Training Data for DexVLA

The pretraining dataset comprises approximately 100 hours of collected data by ourselves. The dataset mainly including four embodiments which are: moblie Agilex Aloha, single Franka Emika and single UR5e. We haven't use any public dataset such as Open-X or DROID.

🤗Download Pretrained Weights

Download official Qwen2_VL weights

We construct the VLM backbone by integrating Qwen2-VL-2B, a powerful and efficient model, into our framework. The Qwen2-VL 2B serves as the core of our architecture, providing robust capabilities for vision-language tasks. We use off-the-shelf Qwen2-VL model proposed in Qwen2-VL without any post training on VLM itself. You can download the official weights from this link:

Model Link
Qwen2-VL (~2B) huggingface

After downloading the standard weights, you have to replace the official "config.json" with our "config.json" designed for VLA.

Download our pretrained ScaleDP-H weights(Stage 1)

We released our pretrained weights of ScaleDP-H which is trained after Stage1. Now you can download the weights and directly finetuning your data on Stage 2.

Model Link
ScaleDP-H (~1B) huggingface
ScaleDP-L (~400M) huggingface

After downloading the weights, you have to transform it into safetensors format, you can simply run this code:

import torch
from safetensors.torch import save_file
path = "/path/to/open_scale_dp_l_backbone.ckpt"
checkpoint = torch.load(path, map_location=torch.device('cpu'))['nets']['nets']

# Save the weights in safetensors format
safetensors_path = "/path/to/open_scale_dp_l_backbone.safetensors"
save_file(checkpoint, safetensors_path)
print(f"Converted {path} to {safetensors_path}")
pass

🦾Train

We have already provided pretrained weights of ScaleDP which is stage 1. Belows are mainly about training process of Stage2 and Stage3.

Training Stage 2

python lerobot/scripts/train.py \
--policy.type dexvla \
--policy.qwen2_vl_path /path/to/official/Qwen2-VL-2B-Instruct \
--policy.pretrain_scaledp_path /path/to/pretrained/scale_dp_h/open_scale_dp_l_backbone.safetensors \
--policy.policy_head_size 'scaledp_h' \
--policy.training_stage 2 \
--dataset.repo_i lerobot/aloha_mobile_chair \
--policy.using_film true \
--output_dir /path/to/output \
--steps 10000 \
--save_freq 1000 \
--optimizer_lr 2e-5

Training Stage 3

Stage3 can be viewed as continual training on specific dexterous tasks like laundry folding which is same as PI0. So stage3 is trained based on stage2.

python lerobot/scripts/train.py \
--policy.type dexvla \
--policy.qwen2_vl_path /path/to/official/Qwen2-VL-2B-Instruct \
--.pretrained_path /path/to/pretrained/stage2/weights \
--policy.policy_head_size 'scaledp_h' \
--policy.training_stage 3 \
--dataset.repo_i lerobot/aloha_mobile_chair \
--batch_size 2 \
--policy.using_film true \
--output_dir /path/to/output \
--steps 10000 \
--save_freq 1000 \
--optimizer_lr 2e-5

Training Time

Original DexVLA is trained on 8 x H100 GPUs.
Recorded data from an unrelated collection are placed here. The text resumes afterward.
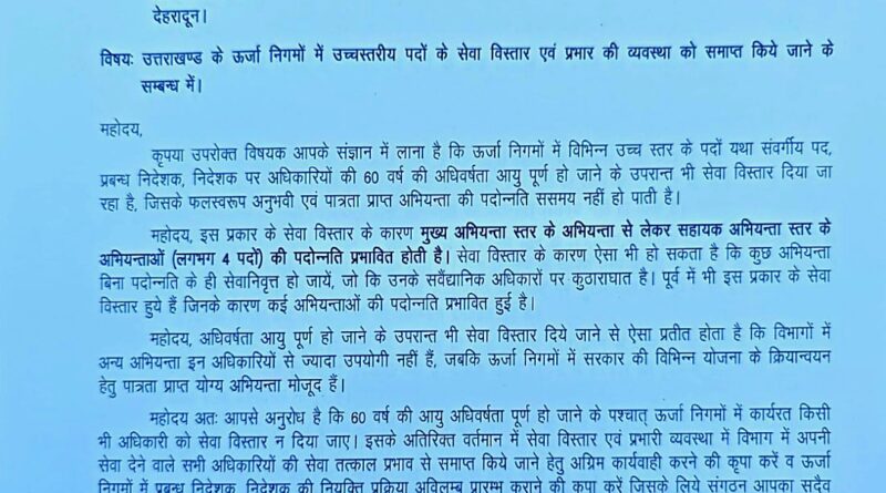 उत्तरांचल पॉवर इंजीनीयर्स एसोसिएशन ने उत्तराखण्ड के ऊर्जा निगमों में उच्चस्तरीय पदों के सेवा विस्तार एवं प्रभार की व्यवस्था को समाप्त किये जाने के सम्बन्ध में मुख्यमंत्री धामी को लिखा पत्र
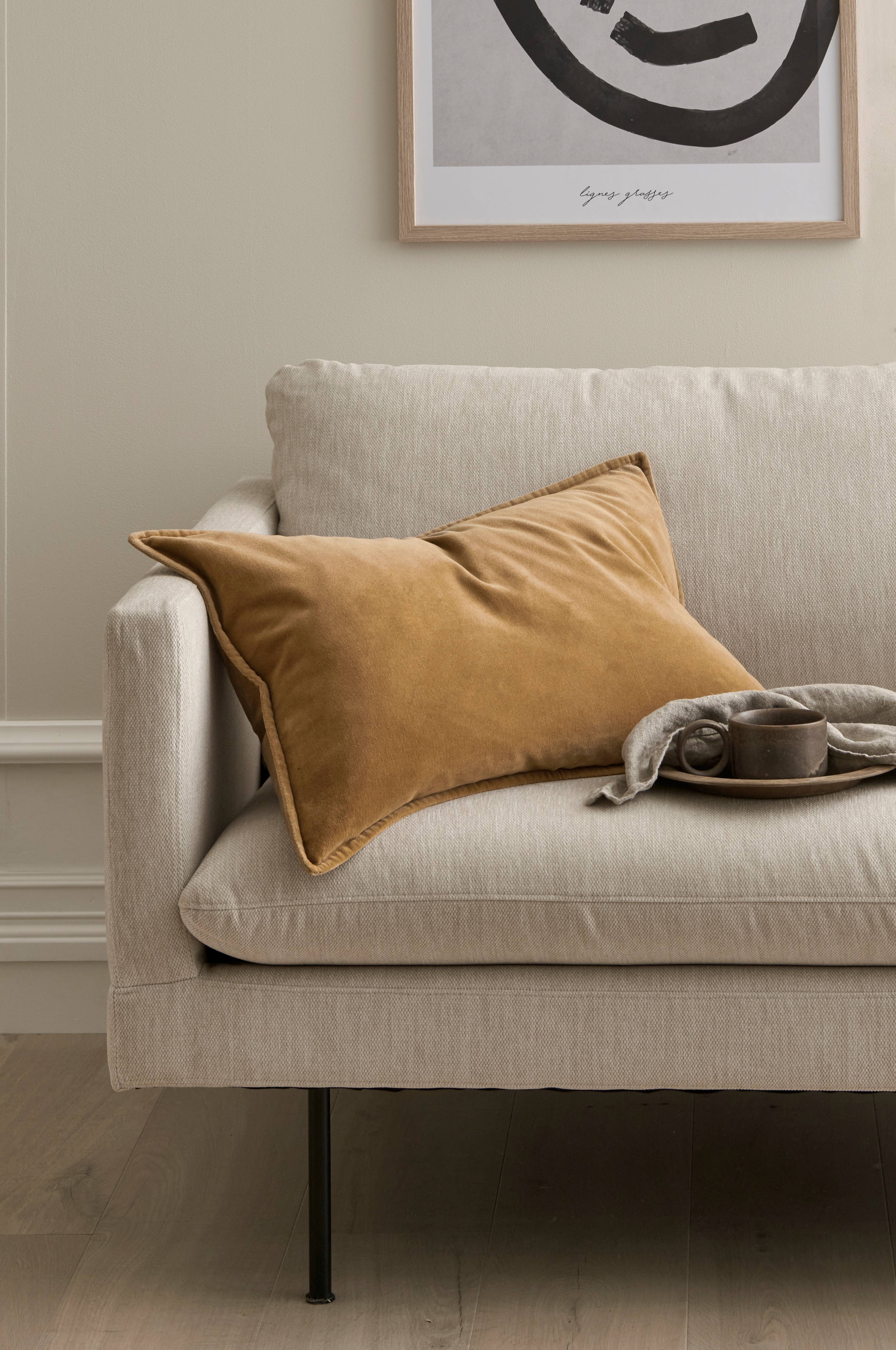 Pudebetræk i velour af bomuld med pyntesøm rundt om. Lynlås i bunden på bagsiden. Str. 40x60 cm.
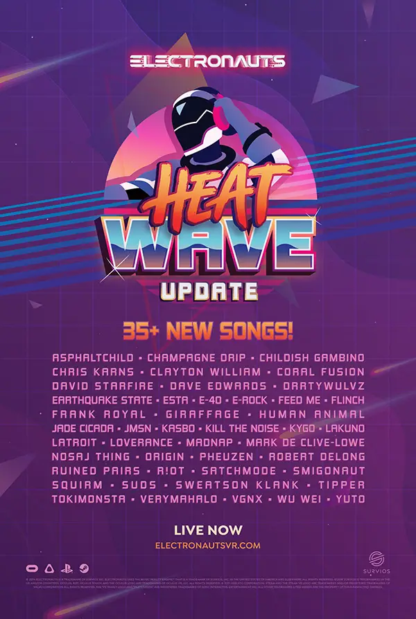 VR music creation title Electronauts received over 35 new tracks today as part of the Heatwave Update. These include tracks from Childish Gambino, Giraffage, JMSN, Kygo, and TOKiMONSTA.
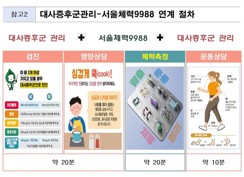 서울시는 ‘대사증후군 관리 사업’과 ‘서울체력9988’ 연계를 통해 검진~상담~체력 관리로 이어지는 시민 건강관리 체계를 한층 촘촘히 하고 대사증후군 등 만성질환 예방은 물론 시민 체력 증진, 건강한 생활 습관 형성에 실질적인 도움이 될 것으로 기대하고 있다.
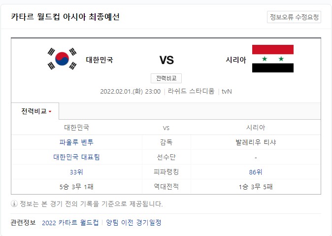 한국과 시리아는 2022년 카타르 월드컵 본성행 확정을 위해서
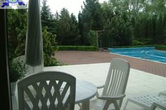 Dom posadowiony na dużej 2800m2 działce obsadzonej 3 tysiącami drzew i krzewów w tym 70 letnie cedry i świerki. Przy domu podgrzewany basen o wymiarach 6x 10 m i 1,5 m głebokości. W dalszej części ogrodu miejsce na grill,na podjeździe zadaszone 2 miejsca parkingowe.
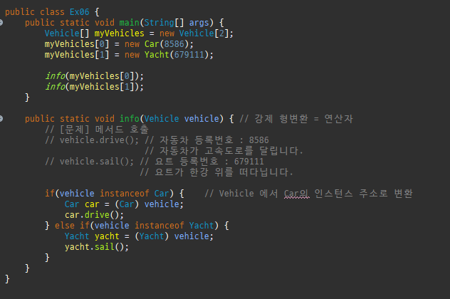 if(vehicle instanceof Car) { } : instanceof 연산자를 사용하여 매개변수로 받은 vehicle 이 Car 클래스의 인스턴스인지, Yacht 클래스의 인스턴스인지를 확인합니다.
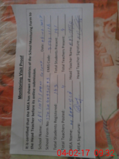 | Attendance Register | Head Teacher | MEA with School | Visit Proof |
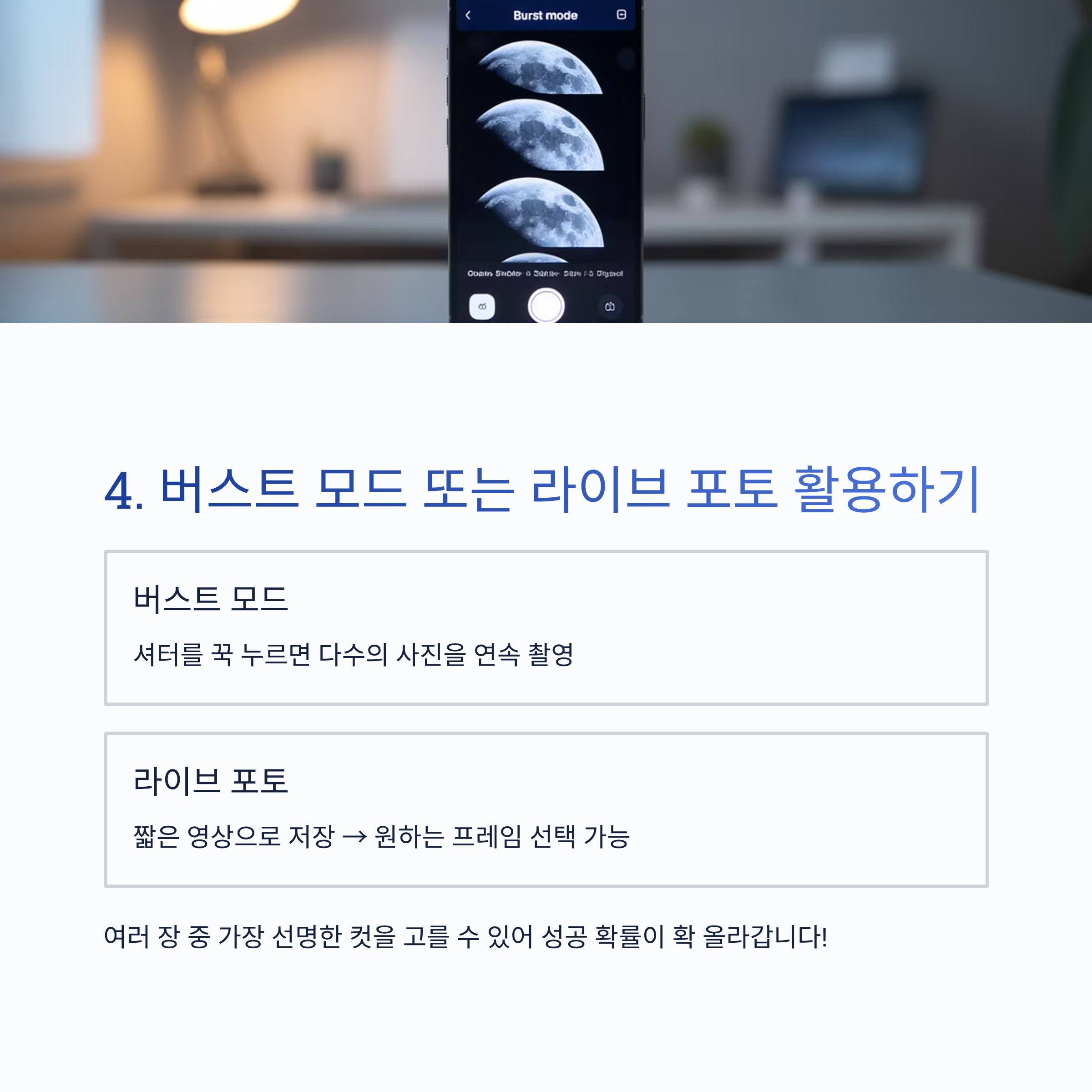 📷 4. 버스트 모드 또는 라이브 포토 활용하기
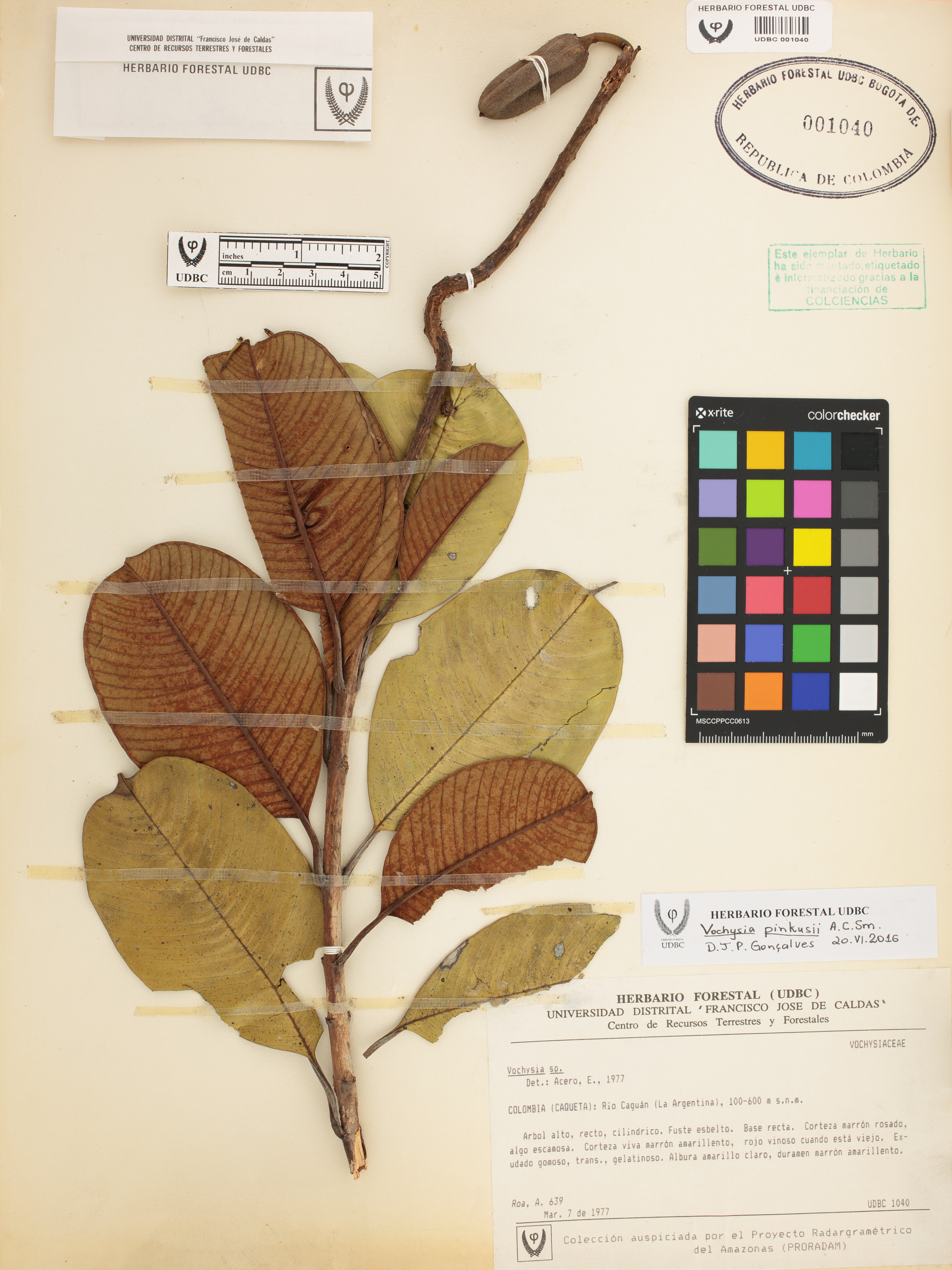 Fotografía del ejemplar Roa, A. 639, determinado como Vochysia pinkusii en el año 2016
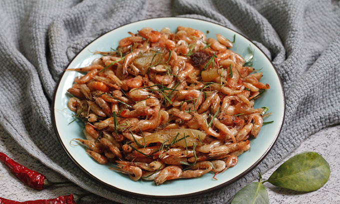 Tôm khô săn, vỏ giòn óng đẹp, màu đỏ au, dậy mùi thơm của lá chanh, vị mặn ngọt hài hòa là món ăn gắn liền với tuổi thơ của nhiều người.
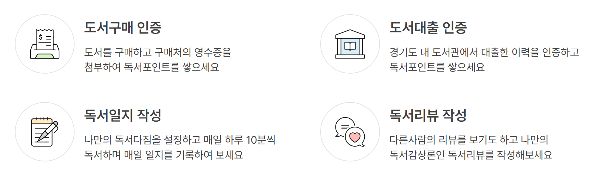 1,000P | 2,000P | 2권 | 도서관 대출증빙 사진 업로드 (경기도내 도서관만 인정, 전자책 월1권 가능) |
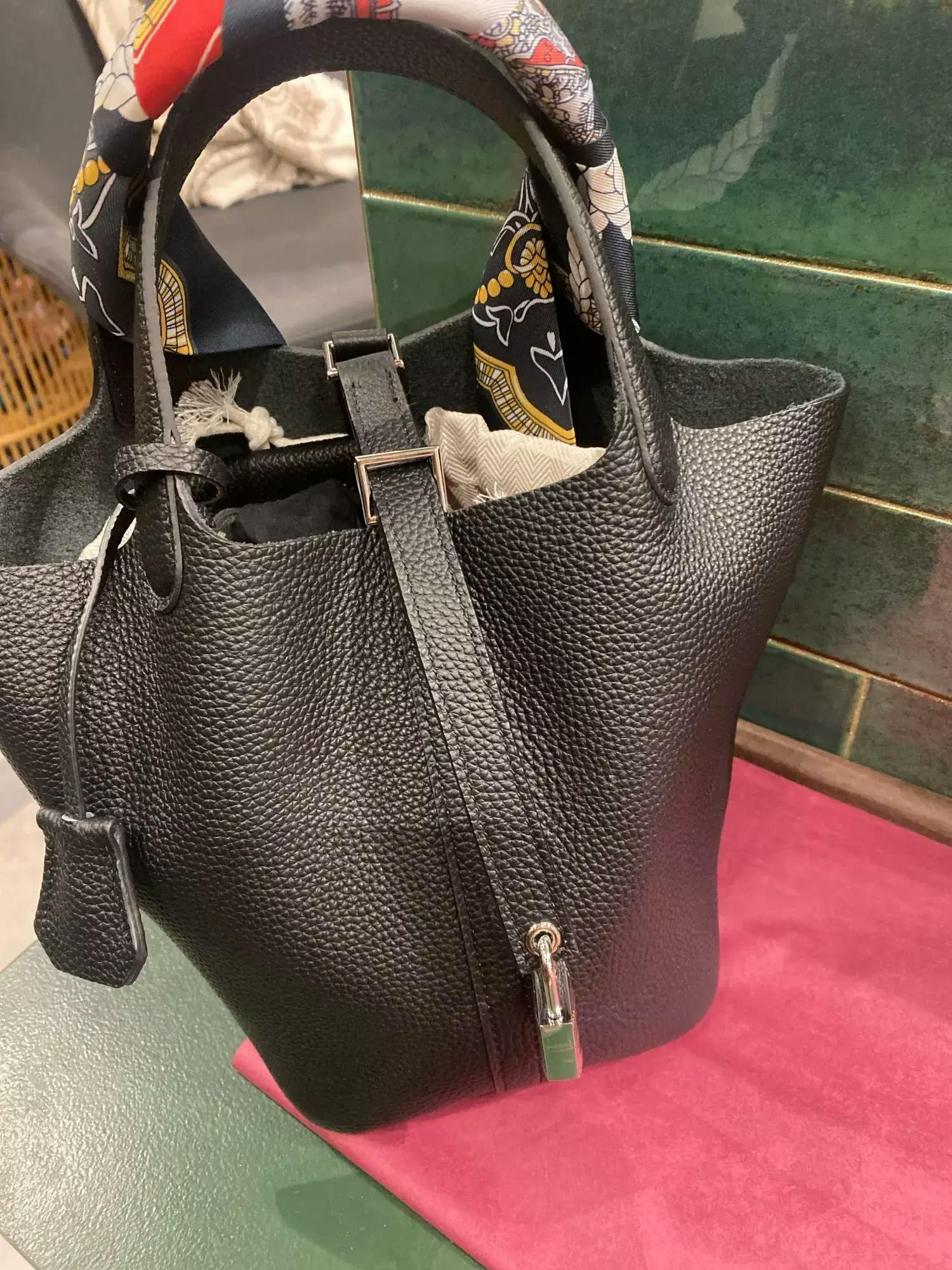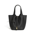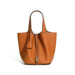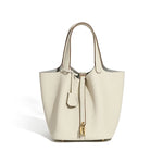 High-Quality Large Size Leather Bucket Bag Women's Handbag Premium Feel Basket Design Polyester Lining Urban Simple Style

And the training time for each stage is listed as follows:

Stage Batch Size(each gpu) Steps Time(hour)
Stage1 32 60000 30
Stage2 12 100000 30
Stage3 12 60000 18

Evaluation

Evaluation Script

You can evaluate dexvla by following scripts.

python lerobot/scripts/eval.py \
--policy.type dexvla \
--policy.pretrained_path /path/to/pretrained/stage2/or/stage3/weights \
--env.type aloha \
--env.episode_length 5 \
--policy.qwen2_vl_path /path/to/official/Qwen2-VL-2B-Instruct \
--env.task AlohaInsertion-v0 \
--eval.n_episodes 1 \
--eval.batch_size 1

Inference Speed

Tested on a single A6000 GPU, the DexVLA could infer 3.4 action chunks in one second. For each action chunk, if we execute 25 actions, the real control frequency can be 85 (3.4*25)Hz.